We started with a warm up 2'3" oxer off both leads. We popped over it off the right, but off the left the spot was going to be deep. Naturally I flung the reins at him and took my leg off, and he stopped. PW assessed that he 100% could have jumped the tiny jump from any distance, but that "Jesus take the wheel" is not an appropriate strategy on my part. He explained that when I see the deep spot there but then let go of all contact, his stride actually lengthens further, making it even worse. So, hold the reins, sit up and support with leg. That served us well for the rest of the lesson. We didn't have another stop even though we didn't get beautiful distances to everything. I did think at one point that "if you're not failing, you're not learning." Our previous lesson everything had just flowed beautifully and felt so easy and perfect. This lesson was definitely a lesson of failures and growth.
PW did take it easy on us since we were obviously a bit discombobulated. He started with the jumps pretty soft and then built up the one stride instead of pushing us straight into it. Eventually though the last few jumps were a meter again and we put the whole course together including the one stride.
We've been working on related distances since pre-Kentucky using the strategy of breaking them up into two parts. So for a 7 stride line, land and GO 2-3-4 then assess and half-halt 1-2-3. It works wonders and prevents the long, flat, last minute push to get the strides. We got the leave out 6 in our lesson this week doing that and did a leave out 5 in the lesson at the end of October. But it doesn't look horrifying doing it this way. There's no last minute fling at the fence that causes panic in me, the pony, and those watching. You know the type of ride, you cringe as they leave the ground in a mess. Yeah, we want to avoid that and this strategy seems to work.

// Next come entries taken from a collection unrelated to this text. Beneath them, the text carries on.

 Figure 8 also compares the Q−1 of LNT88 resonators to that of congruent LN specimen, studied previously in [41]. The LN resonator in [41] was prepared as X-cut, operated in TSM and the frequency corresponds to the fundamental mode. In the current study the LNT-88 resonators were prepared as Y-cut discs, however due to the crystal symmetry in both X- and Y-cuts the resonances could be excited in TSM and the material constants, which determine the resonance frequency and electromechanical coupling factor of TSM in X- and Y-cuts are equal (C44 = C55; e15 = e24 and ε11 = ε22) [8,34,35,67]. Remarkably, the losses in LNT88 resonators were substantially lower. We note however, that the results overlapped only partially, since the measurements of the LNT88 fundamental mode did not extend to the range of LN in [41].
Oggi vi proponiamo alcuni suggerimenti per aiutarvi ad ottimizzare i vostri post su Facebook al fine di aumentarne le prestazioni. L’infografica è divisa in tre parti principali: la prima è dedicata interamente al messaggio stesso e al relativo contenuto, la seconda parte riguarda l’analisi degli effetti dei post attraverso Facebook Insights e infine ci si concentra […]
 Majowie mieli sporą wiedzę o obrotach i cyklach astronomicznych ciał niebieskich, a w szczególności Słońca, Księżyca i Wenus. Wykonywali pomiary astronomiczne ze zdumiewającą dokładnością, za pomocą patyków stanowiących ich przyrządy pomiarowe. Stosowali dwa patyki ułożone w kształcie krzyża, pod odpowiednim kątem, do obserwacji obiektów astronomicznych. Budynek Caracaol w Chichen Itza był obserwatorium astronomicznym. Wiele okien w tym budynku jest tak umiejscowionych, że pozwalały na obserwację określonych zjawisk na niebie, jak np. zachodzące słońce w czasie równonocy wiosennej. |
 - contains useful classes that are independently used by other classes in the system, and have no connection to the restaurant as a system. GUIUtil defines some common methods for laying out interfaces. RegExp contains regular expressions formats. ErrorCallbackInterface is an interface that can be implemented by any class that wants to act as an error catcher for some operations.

I did feel the need to clarify with PW after - a few jumps in our last course I felt like I definitely spurred him off the ground to get the slightly gappy distance instead of the pop chip. PW said that was totally appropriate. But I don't want to create the horse who "can't think for himself" and needs to be told exactly when to leave the ground. But EM and PW have distinctly NOT told me to take all leg off (as Amanda pointed out once out cross country at Sweet Dixie), but instead to support quietly. I need to find that balance. Leg quietly on so I don't HAVE to spur him off the ground.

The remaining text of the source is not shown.